Image credit: Tyler Mackey
Of this new technology, Betts adds, "Using the iPads to catalogue sections was useful, albeit a bit of a learning curve. With this technology, we were able to easily organize our thoughts and keep consistent note-taking across days and sections. As someone without previous experience doing this kind of work, it was helpful to be prompted for certain kinds of observations about the rocks. Coming back with drone data was awesome - we are now at the stage of combining the photographs taken by the drone with our observations on the ground, and it is impressive to see how this approach can be used to understand large landscapes."

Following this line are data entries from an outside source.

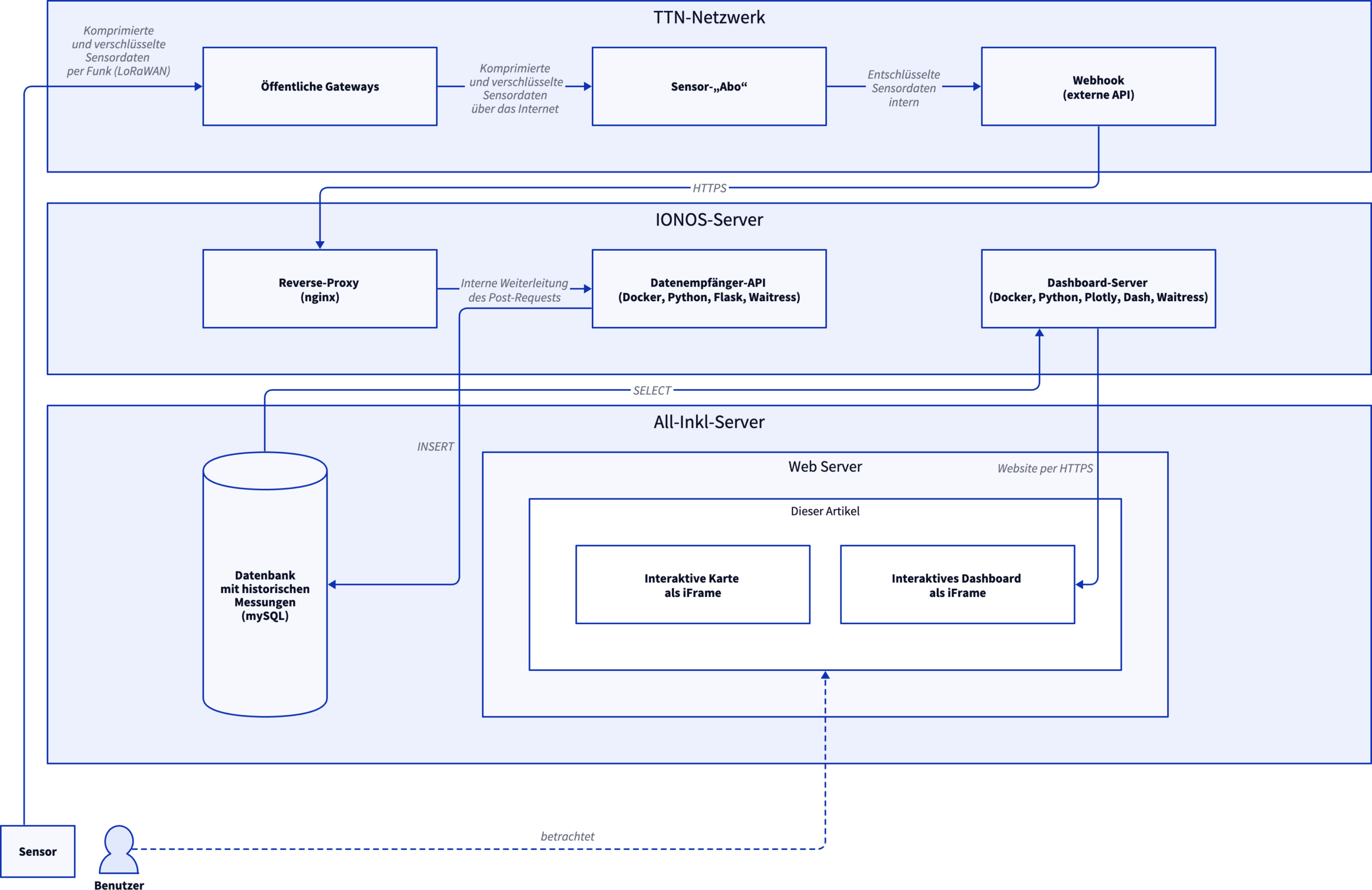 Die Programmierung selbst war dabei eher der leichtere Teil. Die eigentliche Herausforderung war die Infrastruktur: Daten empfangen, speichern, abrufen und darstellen – verteilt über mehrere unabhängige Server, die miteinander kommunizieren.
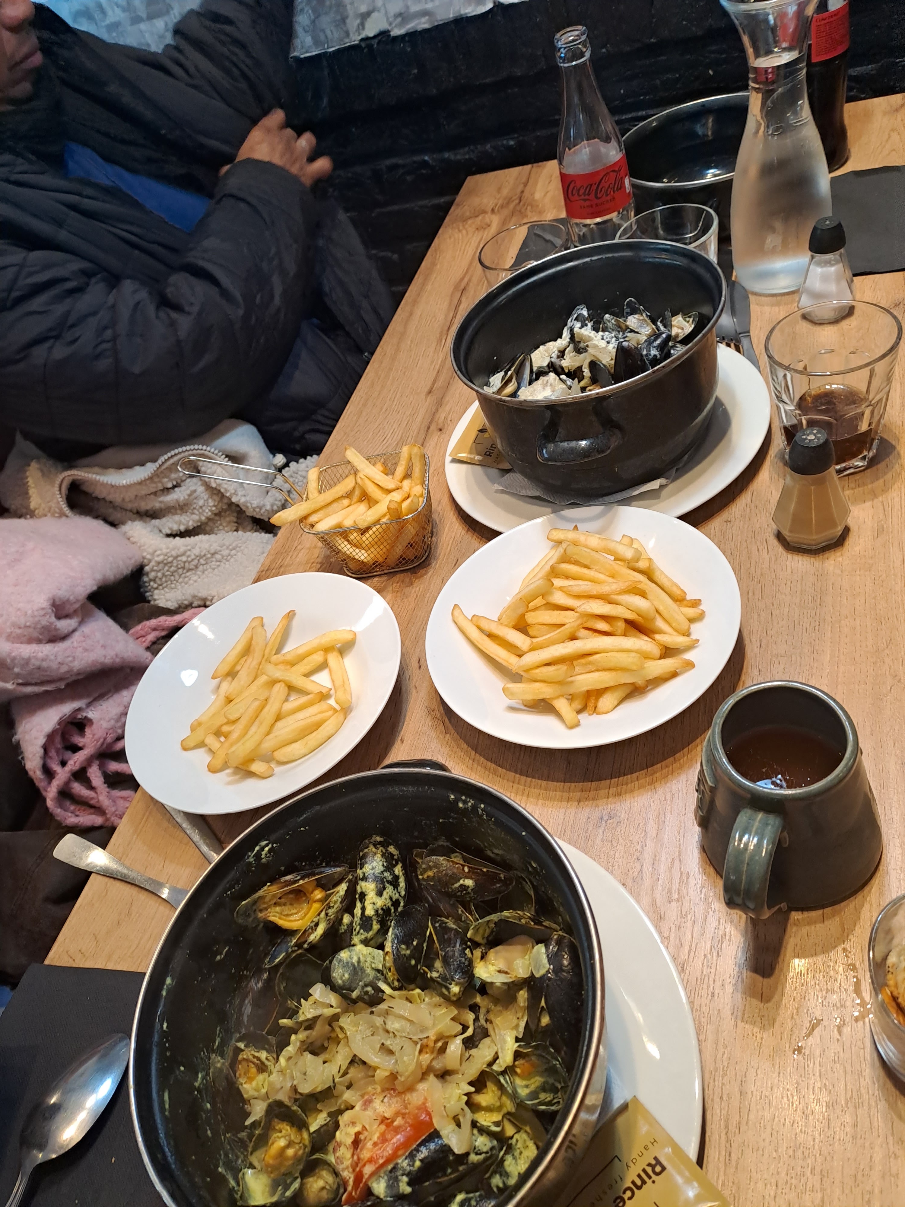 Supplément frites 3€. Frites surgelées. Moules passables. Très déçus mais serveuse sympa
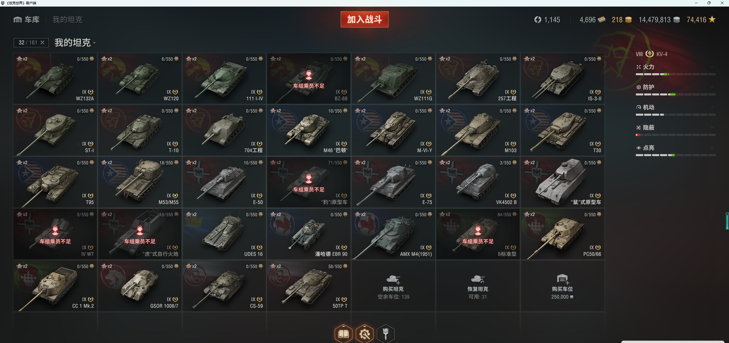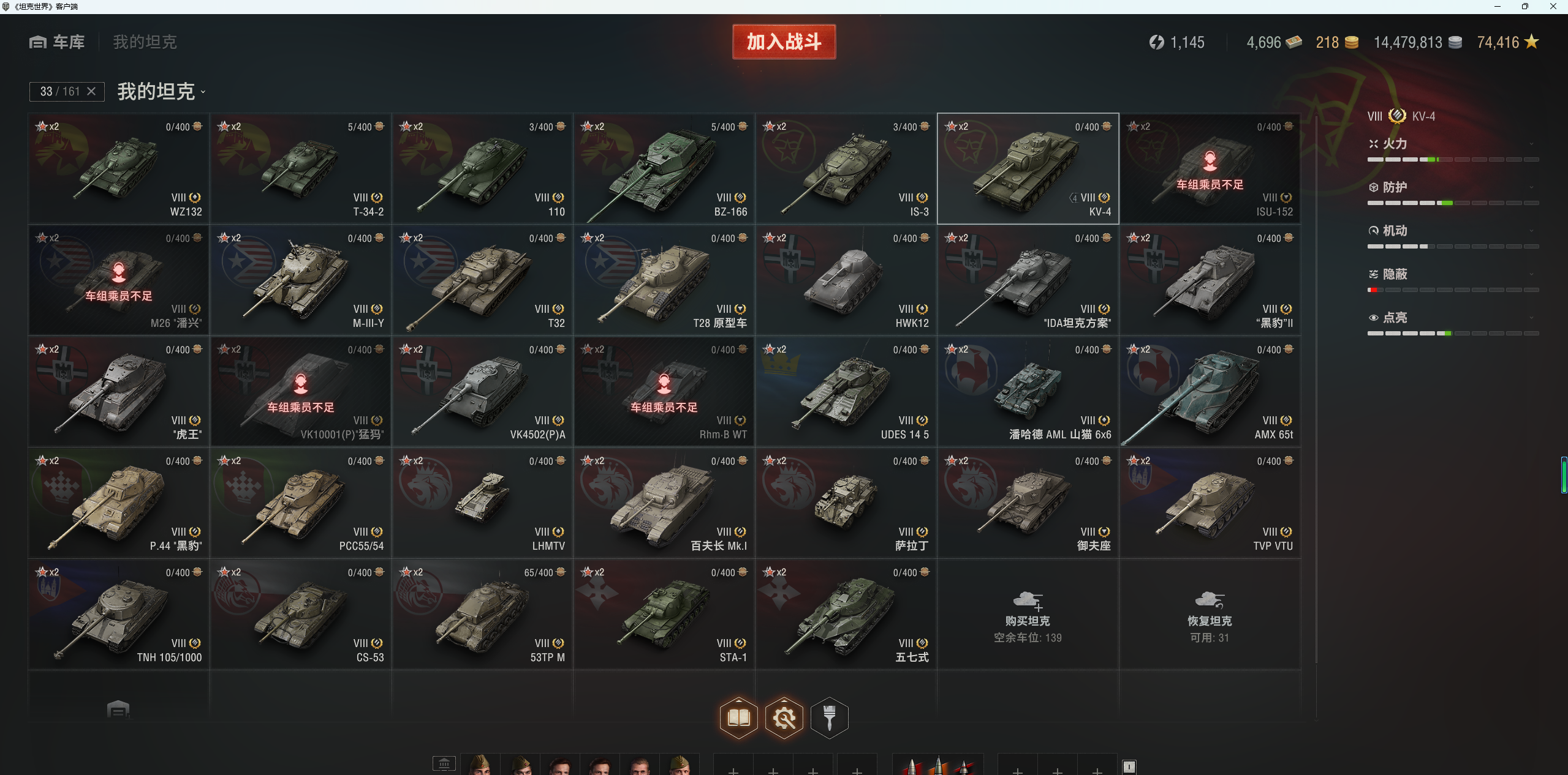 注意事项:1,进入游戏后,如果车辆情况不符。那是因为前面的玩家筛选了自己玩的坦克,其他的隐藏了。坦克显示栏,左下角小坦克标志,点进去把所有系别和级别选上,坦克就全部出来了。
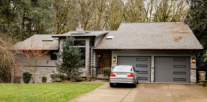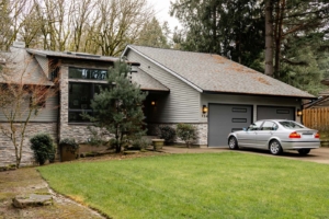 Metal roof accents, new garage doors, cultured stonework, and double front doors with rain glass and natural wood create a warm, modern entry.
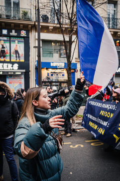 Présence du collectif d'extrême droite Némésis (identitaires) protégés par un gros dispositif de policiers et de service d'ordre en fin de cortège de la manifestation féministe contre les violences sexistes et sexuelles faites aux femmes, à l'appel du collectif Grève féministe qui regroupe plusieurs syndicats, associations et collectifs dont le collectif Nous Toutes qui lutte contre les violences de genre, à Paris, France le 22 novembre 2025. Mobilisation quelques jours avant le 25 novembre, journee internationale de lutte contre les violences faites aux femmes et aux minorites de genre.
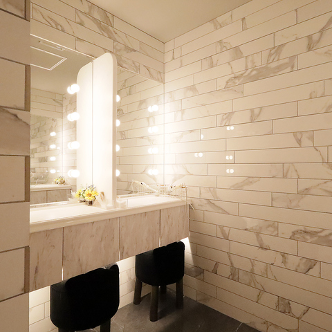 | テーブル | 1名様×3 | トイレには自慢のパウダールーム☆アイロンも完備しているので、お色直しもバッチリです♪ |
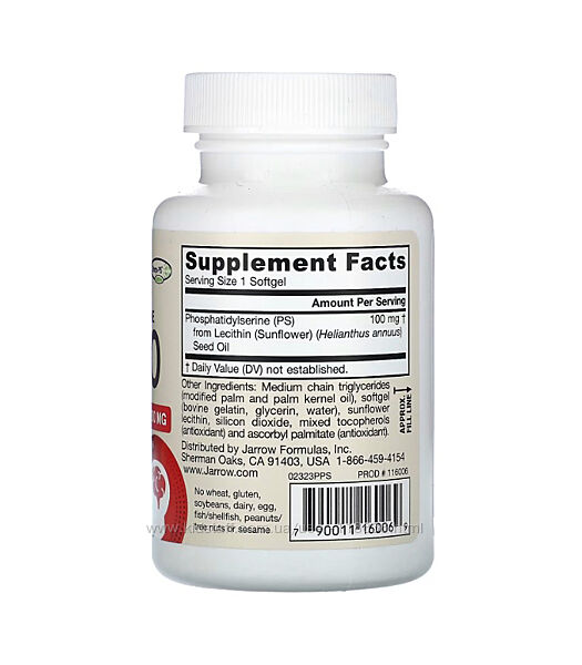 Фосфатидилсерин (ФС) — это натуральный фосфолипид, входящий в состав клеточных мембран. Фосфатидилсерин — самый распространенный фосфолипид, присутствующий в головном мозге и поддерживающий нормальную когнитивную функцию. Jarrow Formulas® Cogni-PS® — это концентрированная форма фосфатидилсерина из подсолнечного лецитина, которая обладает превосходной устойчивостью, не содержит сои и производится без использования генетически модифицированных организмов (ГМО).
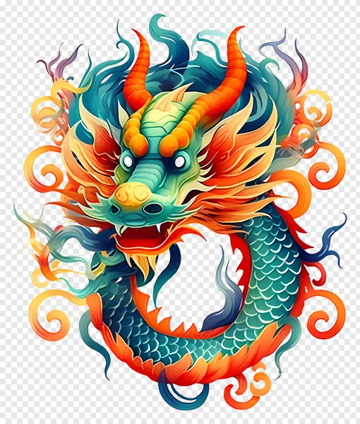 Tags: Chinese dragon Lunar New Year Year of the Dragon colorful cultural digital art dragon fantasy art flowing graphic design illustration legend mythical creature orange oriental red horns scales teal transparent PNG vibrant

Asked what she thought about using technology in the field Betts reflects, "You're not only identifying sedimentary beds, discovering microbial fossils, and noting anomalous outcrops, you're compiling all you see into an accessible form (so that when you look back at your field notes from the comfort of your desk you can walk back through the terrain). Integrating all the data as it came into your head was the most natural thing in the world. Rather than looking back over disjointed notes scrawled in the margins of a strat[ification] column and trying to combine your thoughts after the fact, the use of sedimentology-specfic iPad apps allowed us to collate on the go."
"And yes," says Bergmann. "The flowers were amazing. In fifteen years of going out to the Death Valley area, I've never seen them like that. The hillsides were covered in vibrant yellow, purple and pink flowers and even grass. The prickly pear cacti (my favorite desert flower) were all blooming."
Bergmann leads a trip to Newfoundland in August 2017 with priority being given to undergraduate students. An organizational meeting was held on May 2. For more information contact Kristin Bergmann.
Story Image: Marjorie Cantine lands a drone - image credit: Kristin Bergmann.
Kristin Bergmann applies sedimentology and stratigraphy, stable isotope geochemistry of carbonates including clumped isotope thermometry, and geobiology to reconstruct the record of environmental change from observations of sedimentary rocks spanning the Precambrian (before the time complex animals with mineralized skeletal remains appear in the fossil record) and the end Ordovician (when the so-called Ordovician-Silurian extinction event brought to an end the tremendous expansion of life during the Ordovician Era.)
To date Bergmann's work has focused on marine carbonate sedimentary rocks and fossils from sites that include locations in the United States, Oman, and Svalbard. She analyzes the rocks using a variety of tools in order to better understand how the chemistry and climate of the oceans and atmosphere affected the evolution of complex life, from unicellular microbial communities to multicellular animal communities. Her research has multiple important components including placing constraints on the environmental change that provides a backdrop for early evolution but also quantifying the range of climatic conditions the earth system is capable of.